--- START ---

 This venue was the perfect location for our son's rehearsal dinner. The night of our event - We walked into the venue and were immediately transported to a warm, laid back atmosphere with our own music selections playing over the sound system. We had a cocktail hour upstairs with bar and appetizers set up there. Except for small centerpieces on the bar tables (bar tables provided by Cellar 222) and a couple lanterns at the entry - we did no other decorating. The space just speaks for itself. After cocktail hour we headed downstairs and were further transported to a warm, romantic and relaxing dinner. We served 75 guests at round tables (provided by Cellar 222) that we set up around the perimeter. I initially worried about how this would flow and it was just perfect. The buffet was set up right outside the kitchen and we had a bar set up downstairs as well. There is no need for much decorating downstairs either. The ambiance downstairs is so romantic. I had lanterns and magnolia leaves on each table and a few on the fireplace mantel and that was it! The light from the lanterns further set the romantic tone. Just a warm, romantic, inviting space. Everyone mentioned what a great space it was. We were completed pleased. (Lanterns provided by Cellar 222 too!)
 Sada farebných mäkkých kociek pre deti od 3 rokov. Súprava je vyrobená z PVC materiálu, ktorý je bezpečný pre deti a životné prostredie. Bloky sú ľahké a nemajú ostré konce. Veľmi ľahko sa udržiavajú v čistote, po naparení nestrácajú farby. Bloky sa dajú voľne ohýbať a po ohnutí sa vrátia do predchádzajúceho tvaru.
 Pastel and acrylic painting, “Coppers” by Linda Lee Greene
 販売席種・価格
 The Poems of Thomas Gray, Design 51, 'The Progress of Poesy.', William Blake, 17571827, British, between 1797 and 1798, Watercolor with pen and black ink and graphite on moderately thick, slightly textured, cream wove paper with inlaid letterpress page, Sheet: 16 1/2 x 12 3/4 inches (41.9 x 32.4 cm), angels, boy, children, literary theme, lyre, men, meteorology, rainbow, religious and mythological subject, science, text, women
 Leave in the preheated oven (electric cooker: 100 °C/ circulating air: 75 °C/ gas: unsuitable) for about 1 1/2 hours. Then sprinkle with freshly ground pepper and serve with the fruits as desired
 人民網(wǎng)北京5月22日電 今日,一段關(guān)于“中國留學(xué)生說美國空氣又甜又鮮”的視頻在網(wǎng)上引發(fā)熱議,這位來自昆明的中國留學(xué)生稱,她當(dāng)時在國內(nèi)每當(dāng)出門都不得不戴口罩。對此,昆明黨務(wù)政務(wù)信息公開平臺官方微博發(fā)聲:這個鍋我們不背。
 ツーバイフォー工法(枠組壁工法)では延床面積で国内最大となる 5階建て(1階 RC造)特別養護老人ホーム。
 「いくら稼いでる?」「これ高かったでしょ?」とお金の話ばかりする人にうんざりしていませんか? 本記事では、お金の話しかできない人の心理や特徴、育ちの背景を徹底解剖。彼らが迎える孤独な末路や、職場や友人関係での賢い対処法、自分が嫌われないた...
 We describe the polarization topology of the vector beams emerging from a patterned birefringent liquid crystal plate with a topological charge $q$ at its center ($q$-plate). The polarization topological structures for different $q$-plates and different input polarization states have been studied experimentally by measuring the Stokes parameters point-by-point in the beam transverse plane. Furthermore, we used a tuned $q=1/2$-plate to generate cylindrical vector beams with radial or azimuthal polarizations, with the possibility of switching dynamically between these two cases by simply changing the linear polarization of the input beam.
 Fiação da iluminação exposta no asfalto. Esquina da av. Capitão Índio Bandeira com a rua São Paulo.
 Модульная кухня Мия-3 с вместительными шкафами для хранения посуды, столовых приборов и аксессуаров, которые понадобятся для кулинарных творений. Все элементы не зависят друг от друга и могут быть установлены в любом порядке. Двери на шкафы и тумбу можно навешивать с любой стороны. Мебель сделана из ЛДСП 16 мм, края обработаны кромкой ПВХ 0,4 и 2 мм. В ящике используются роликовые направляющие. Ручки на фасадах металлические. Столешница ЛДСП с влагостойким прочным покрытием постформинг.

--- END ---
--- START ---

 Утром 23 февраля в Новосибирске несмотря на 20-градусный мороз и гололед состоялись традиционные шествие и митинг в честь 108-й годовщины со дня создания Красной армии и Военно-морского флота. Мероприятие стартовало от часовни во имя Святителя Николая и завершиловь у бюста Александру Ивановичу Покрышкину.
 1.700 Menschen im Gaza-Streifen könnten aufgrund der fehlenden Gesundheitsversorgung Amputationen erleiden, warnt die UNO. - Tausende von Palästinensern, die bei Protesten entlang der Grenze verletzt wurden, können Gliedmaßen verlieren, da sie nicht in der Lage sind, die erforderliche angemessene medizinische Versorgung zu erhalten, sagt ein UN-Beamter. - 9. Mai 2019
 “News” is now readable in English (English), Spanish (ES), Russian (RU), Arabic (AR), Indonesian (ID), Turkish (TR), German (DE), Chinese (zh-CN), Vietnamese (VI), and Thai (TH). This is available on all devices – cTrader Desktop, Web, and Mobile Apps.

--- END ---
--- START ---

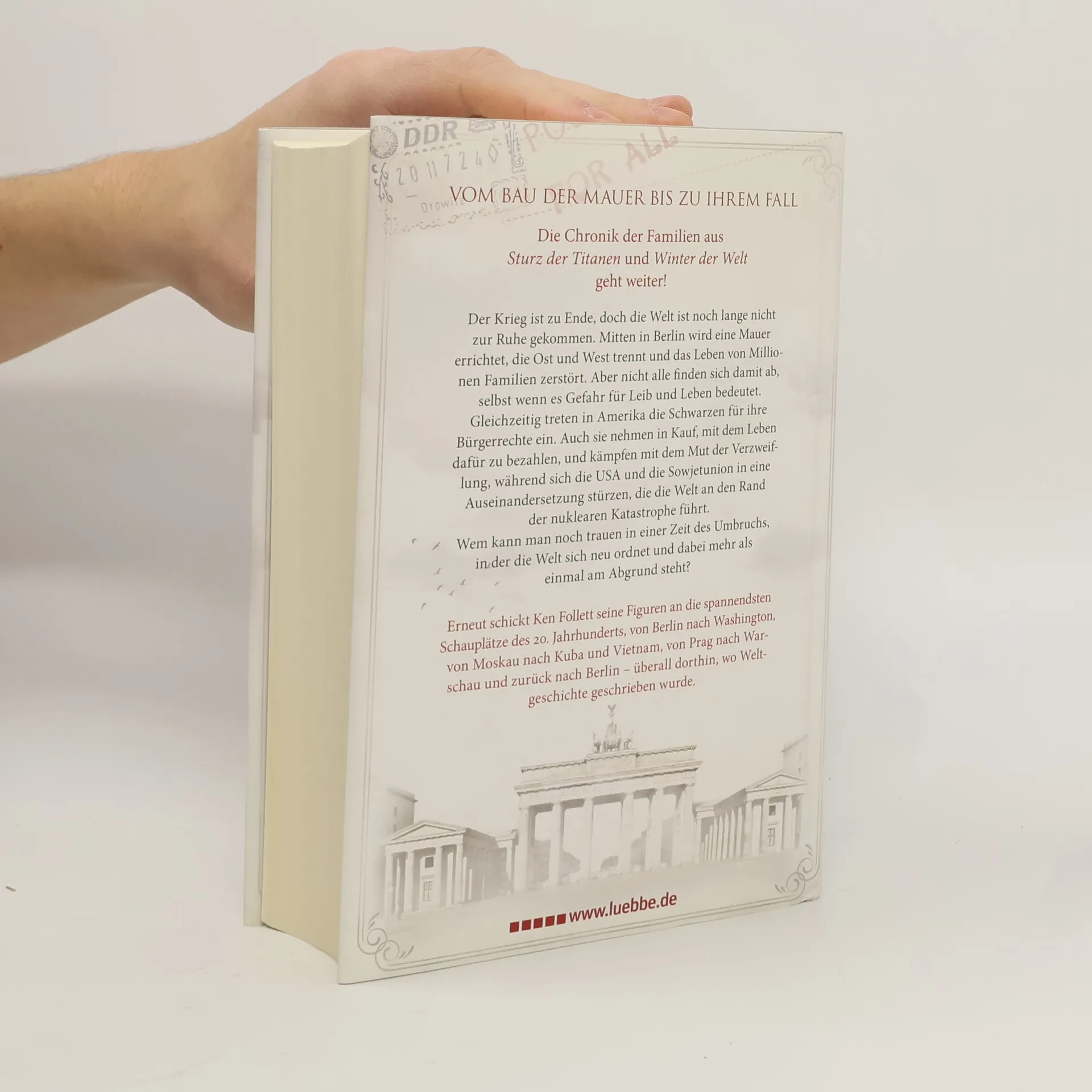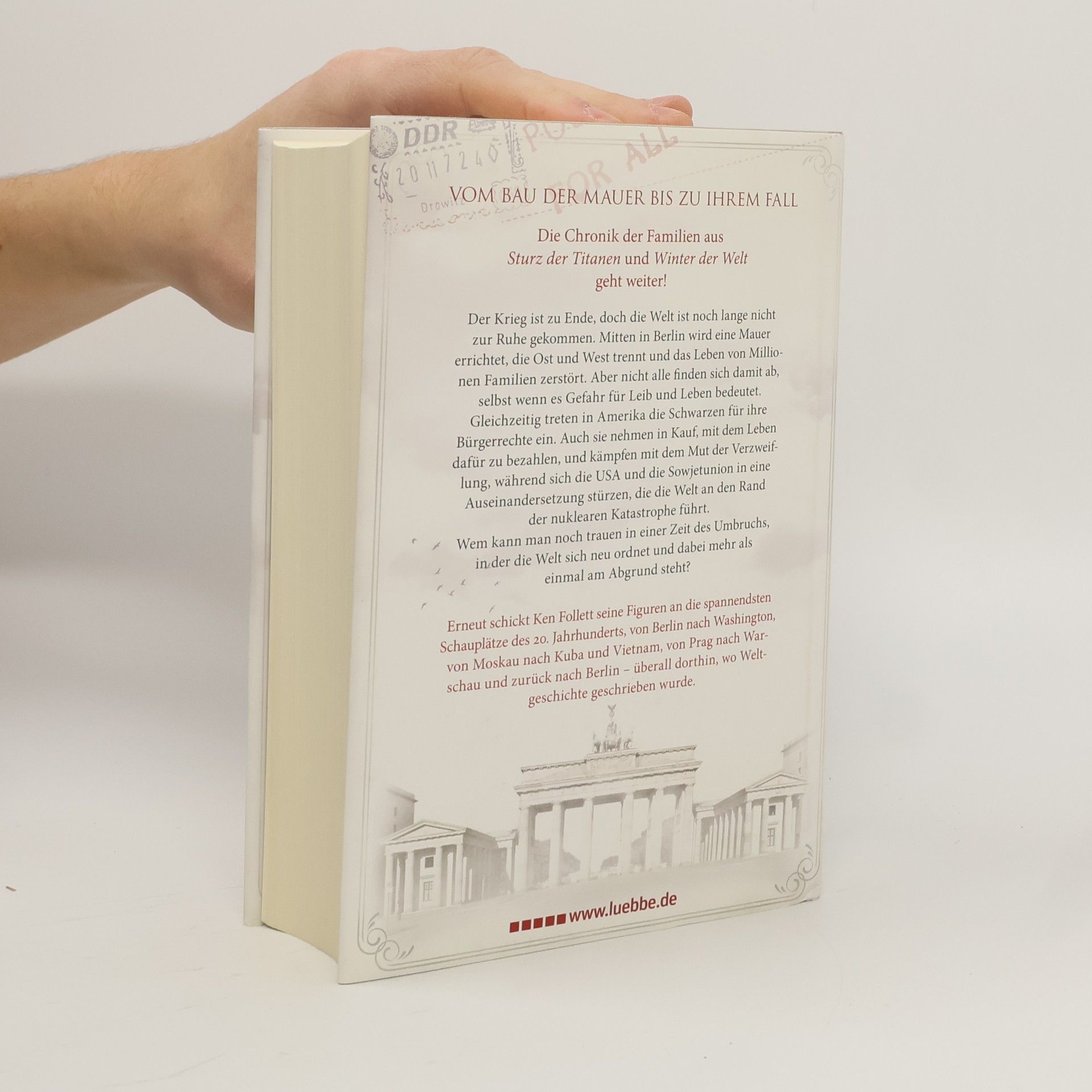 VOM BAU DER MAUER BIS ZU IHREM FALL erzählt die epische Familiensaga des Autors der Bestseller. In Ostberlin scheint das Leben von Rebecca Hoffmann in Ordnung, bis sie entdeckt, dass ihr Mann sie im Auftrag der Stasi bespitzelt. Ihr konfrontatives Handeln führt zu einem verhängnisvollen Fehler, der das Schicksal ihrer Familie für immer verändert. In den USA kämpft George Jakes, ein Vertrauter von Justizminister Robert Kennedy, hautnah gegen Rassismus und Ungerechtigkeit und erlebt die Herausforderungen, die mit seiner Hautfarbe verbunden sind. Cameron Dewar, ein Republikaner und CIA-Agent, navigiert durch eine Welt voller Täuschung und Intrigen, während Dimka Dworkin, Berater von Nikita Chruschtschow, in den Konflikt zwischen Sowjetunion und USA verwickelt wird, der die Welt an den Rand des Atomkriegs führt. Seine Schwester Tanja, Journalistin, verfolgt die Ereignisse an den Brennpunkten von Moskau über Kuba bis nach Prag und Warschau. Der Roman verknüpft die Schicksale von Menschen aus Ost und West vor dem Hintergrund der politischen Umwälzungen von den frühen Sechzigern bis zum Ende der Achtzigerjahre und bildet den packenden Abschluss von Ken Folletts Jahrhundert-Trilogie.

--- END ---

# Assignment
Take the records above and return, word for word, only the lines that fall from the line with "Утром 23 февраля" to the line with "and Mobile Apps.", both of them included.

# Final answer
 Утром 23 февраля в Новосибирске несмотря на 20-градусный мороз и гололед состоялись традиционные шествие и митинг в честь 108-й годовщины со дня создания Красной армии и Военно-морского флота. Мероприятие стартовало от часовни во имя Святителя Николая и завершиловь у бюста Александру Ивановичу Покрышкину.
 1.700 Menschen im Gaza-Streifen könnten aufgrund der fehlenden Gesundheitsversorgung Amputationen erleiden, warnt die UNO. - Tausende von Palästinensern, die bei Protesten entlang der Grenze verletzt wurden, können Gliedmaßen verlieren, da sie nicht in der Lage sind, die erforderliche angemessene medizinische Versorgung zu erhalten, sagt ein UN-Beamter. - 9. Mai 2019
 “News” is now readable in English (English), Spanish (ES), Russian (RU), Arabic (AR), Indonesian (ID), Turkish (TR), German (DE), Chinese (zh-CN), Vietnamese (VI), and Thai (TH). This is available on all devices – cTrader Desktop, Web, and Mobile Apps.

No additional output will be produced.